In preparing this proposal, we coordinated with and sent a request for information to DOD's Defense Pricing, Contracting, and Acquisition Policy (DPCAP) office.[44] In response to our requests regarding DOD's litigation and non-litigation protest-related costs, DOD officials explained that because DOD is not statutorily required to collect data on either litigation or non-litigation costs it does not track and accordingly cannot provide those costs, either centrally or at the command levels.[45] In relation to GAO's request for data about costs paid by DOD as a result of stop-work orders resulting from a bid protest or contractor lost profit information, DOD officials indicated that DOD generally does not award expectancy damages,[46] and does not otherwise track such information.[47] Finally, regarding GAO's request for any data DOD may have about its pilot program on payment of costs for denied GAO bid protests authorized by section 827 of the FY2018 NDAA,[48] DOD officials explained that because no costs were collected as a result of the payment pilot program and the pilot program was subsequently repealed early in the data collection phase, DOD has no data from the payment pilot that is relevant to section 885 of the FY2025 NDAA.[49]
DOD's response that it does not generally track the litigation or programmatic costs or time associated with defending bid protests is consistent with the information gathered by previous bid protest studies directed by Congress. For example, the 2018 RAND Report explained that its reviewers were unable to address certain bid protest cost elements requested by Section 885 of the FY2017 NDAA because:
[T]he U.S. military services and other agencies do not collect data on costs associated with addressing bid protests. Most [DOD] agencies are mission-funded and do not have activity-based accounting systems to track protest activity at the level of fidelity required by Section 885 of the FY 2017 NDAA. In conversations with DoD personnel, we learned that these organizations do not track the costs associated with filing a bid protest; if they did, they were reluctant to provide that information.[50]
Similarly, the Acquisition Innovation Research Center's 2022 Report in response to direction in the conference report that accompanied the William M. (Mac) Thornberry National Defense Authorization Act for Fiscal Year 2021, Pub. L. No. 116-283 (Jan. 1, 2021)[51] concluded that DOD's current data collection was insufficient to adequately assess incurred protest-related costs. Specifically, the report explained that it was unable to address Congress' request for how much time is lost to actual or potential bid protests because “[n]one of the responding agencies analyzes the time spent attempting to prevent, address, or resolve a protest or the efficacy of any actions attempted to prevent the occurrence of a protest.”[52]

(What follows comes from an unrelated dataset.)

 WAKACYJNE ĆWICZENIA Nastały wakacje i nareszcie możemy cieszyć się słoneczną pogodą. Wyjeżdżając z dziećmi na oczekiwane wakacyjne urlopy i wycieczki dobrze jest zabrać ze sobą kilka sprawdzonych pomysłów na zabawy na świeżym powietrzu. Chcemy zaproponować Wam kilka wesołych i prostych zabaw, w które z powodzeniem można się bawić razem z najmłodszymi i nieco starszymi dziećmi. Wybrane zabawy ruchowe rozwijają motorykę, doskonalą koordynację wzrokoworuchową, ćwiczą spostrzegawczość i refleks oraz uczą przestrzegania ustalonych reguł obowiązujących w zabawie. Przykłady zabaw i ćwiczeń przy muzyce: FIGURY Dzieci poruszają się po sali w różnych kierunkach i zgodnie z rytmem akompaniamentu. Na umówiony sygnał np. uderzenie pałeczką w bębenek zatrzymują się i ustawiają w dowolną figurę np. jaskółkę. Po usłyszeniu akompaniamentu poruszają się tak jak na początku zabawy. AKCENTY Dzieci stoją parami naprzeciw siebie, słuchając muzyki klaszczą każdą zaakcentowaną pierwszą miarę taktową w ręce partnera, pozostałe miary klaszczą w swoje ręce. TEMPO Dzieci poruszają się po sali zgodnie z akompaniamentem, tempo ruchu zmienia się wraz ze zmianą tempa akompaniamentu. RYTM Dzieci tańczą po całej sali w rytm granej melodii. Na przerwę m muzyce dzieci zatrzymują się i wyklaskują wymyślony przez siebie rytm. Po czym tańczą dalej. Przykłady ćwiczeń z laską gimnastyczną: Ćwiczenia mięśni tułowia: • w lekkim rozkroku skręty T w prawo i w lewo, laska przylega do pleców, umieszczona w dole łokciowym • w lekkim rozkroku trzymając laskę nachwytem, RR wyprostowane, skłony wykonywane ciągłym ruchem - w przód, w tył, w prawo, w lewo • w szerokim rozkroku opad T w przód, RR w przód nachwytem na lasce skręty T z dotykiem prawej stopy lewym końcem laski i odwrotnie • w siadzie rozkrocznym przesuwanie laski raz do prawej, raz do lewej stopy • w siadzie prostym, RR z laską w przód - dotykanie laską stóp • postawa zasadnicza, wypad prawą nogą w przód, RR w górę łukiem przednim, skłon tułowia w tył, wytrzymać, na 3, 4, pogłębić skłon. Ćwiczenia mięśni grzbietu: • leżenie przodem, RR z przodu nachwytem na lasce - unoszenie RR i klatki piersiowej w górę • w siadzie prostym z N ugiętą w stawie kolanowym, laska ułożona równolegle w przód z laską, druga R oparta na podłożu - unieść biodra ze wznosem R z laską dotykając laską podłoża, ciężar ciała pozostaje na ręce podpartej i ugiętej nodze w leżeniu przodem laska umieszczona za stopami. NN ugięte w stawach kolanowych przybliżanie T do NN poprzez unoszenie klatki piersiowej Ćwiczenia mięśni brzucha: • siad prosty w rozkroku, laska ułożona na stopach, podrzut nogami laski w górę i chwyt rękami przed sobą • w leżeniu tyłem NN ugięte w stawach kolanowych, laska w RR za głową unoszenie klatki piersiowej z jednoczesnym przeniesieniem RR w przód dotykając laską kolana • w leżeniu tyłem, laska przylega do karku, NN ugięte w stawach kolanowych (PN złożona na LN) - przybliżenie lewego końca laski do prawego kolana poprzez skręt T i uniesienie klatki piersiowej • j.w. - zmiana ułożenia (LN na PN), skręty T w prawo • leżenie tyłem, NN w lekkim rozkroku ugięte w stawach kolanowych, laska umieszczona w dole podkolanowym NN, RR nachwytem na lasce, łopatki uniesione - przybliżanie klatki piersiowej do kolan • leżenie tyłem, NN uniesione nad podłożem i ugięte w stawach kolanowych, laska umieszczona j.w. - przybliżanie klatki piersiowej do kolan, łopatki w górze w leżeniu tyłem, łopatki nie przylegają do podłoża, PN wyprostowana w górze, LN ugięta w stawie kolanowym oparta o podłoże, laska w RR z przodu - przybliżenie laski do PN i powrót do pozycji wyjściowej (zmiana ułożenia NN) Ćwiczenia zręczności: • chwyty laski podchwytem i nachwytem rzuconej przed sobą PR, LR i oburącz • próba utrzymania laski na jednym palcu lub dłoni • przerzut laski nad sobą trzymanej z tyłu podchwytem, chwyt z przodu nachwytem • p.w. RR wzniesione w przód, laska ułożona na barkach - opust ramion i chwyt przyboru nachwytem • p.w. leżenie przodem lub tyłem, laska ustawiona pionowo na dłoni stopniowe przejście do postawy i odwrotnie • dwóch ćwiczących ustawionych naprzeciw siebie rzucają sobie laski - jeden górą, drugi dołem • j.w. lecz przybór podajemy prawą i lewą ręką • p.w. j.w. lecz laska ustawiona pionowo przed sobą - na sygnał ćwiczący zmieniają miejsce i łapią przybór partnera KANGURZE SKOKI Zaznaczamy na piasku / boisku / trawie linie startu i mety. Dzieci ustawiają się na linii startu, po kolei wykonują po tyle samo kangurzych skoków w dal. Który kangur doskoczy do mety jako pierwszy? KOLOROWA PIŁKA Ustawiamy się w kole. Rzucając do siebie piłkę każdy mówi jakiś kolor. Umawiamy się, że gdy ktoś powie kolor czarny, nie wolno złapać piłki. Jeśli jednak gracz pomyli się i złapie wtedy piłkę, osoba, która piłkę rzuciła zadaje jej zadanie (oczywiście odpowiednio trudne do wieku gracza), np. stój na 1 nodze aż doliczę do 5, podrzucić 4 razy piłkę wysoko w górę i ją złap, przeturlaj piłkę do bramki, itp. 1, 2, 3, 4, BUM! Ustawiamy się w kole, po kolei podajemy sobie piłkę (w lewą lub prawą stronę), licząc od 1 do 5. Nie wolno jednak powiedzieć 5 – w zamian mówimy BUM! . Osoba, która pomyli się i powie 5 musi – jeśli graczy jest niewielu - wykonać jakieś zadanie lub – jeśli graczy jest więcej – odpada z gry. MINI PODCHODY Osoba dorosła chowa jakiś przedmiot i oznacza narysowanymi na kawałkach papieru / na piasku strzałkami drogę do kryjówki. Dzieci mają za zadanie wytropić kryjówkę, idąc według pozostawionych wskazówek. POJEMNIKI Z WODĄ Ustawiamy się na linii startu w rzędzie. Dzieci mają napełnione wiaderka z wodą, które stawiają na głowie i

These conclusions are consistent with the information DOD officials provided in response to our inquiries. Because DOD currently does not track costs related to bid protests, we are unable to provide benchmarks showing the average costs to DOD of a bid protest filed at GAO. As further addressed herein, given the unique factual circumstances of each procurement and associated protest, GAO does not recommend the use of benchmarks.

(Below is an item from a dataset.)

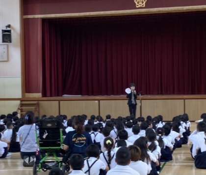 今日の月曜児童朝会では、万博への遠足について話をしました。
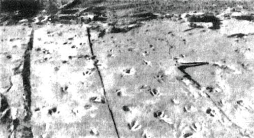 Фото 17. Цепочки следов, в большинстве длиной 25-45 см, оставленных динозаврами на поверхности напластования триасовых песчаников. Государственный заповедник динозавров, Коннектикут. Более 200 миллионов лет назад этот песчаник был песчаным аллювием. Стрелками указаны гораздо более мелкие следы, возможно, принадлежащие животному, изображенному на рис. 47.

If Congress seeks to obtain more specific cost information, it is likely that legislation would be needed to direct DOD to track: the Department's bid protests; the value of the procurements protested; and the Department's litigation and non‑litigation costs related to bid protests. Such legislation might also consider mandating the tracking of costs paid to third parties by DOD as a result of protests, including, for example, any stop work costs paid to contractors pursuant to FAR clause 52.233-3 in the event that work on a challenged contract is stayed during the pendency of a protest. We note, however, that necessary changes to DOD's accounting and time-and-attendance systems may impose additional financial and administrative costs on the agency in order to comply with any mandated data tracking requirements.

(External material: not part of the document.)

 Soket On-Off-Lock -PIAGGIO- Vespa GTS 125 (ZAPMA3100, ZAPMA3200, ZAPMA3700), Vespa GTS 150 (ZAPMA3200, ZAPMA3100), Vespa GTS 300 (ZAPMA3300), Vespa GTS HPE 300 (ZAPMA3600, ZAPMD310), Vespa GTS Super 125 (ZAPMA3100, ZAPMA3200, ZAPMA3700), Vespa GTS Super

In its response to a draft of this proposal, DOD noted that, in its view, additional data collection concerning DOD's protest costs would not provide sufficient benefit compared to the cost and administrative burden the data collection would require. As discussed above, DOD protests at GAO have declined 48 percent over the last 10 years and less than 2 percent of procurements are protested, and as a result DOD does not see a pressing need for this cost collection and the challenges associated with the requirement. DOD emphasized that there were challenges and potential costs associated with cost data collection and that the risk associated with not collecting that data are minimal due to the decline in overall DOD protests with GAO and the very small percentage of total procurements that are protested.
GAO
Section 885(c)(1) of the FY2025 NDAA included a provision for GAO to prepare a chart of the average costs to GAO of a covered protest based on the value of the contract that is the subject of the covered protest. The value of the challenged procurement is not a meaningful indicator of the costs incurred by GAO to handle and resolve a bid protest. In this regard, the principal factors driving GAO's costs are specific to the protest, such as the number and complexity of factual and legal questions, the number of parties, and the need for supplemental record development (e.g., a hearing, additional rounds of supplemental briefing). In our experience, these factors do not necessarily correlate to the value of the protested procurement. Therefore, and as further addressed herein, our Office does not recommend the use of benchmarks tied to a challenged procurement's value.
Lost Profits
Section 885(c)(2) of the FY2025 NDAA included a provision for GAO to prepare a chart of the costs of the lost profit rates of the contractor awarded a contract that is the subject of a covered protest after such award. Section 885(d) further states that lost profits “shall be equal to the profit that the contractor awarded the contract would have earned if the contractor has performed under such contract during the period performance under such contract by such contractor was suspended under section 3553(d) of title 31, United States Code, pursuant to such covered protest.”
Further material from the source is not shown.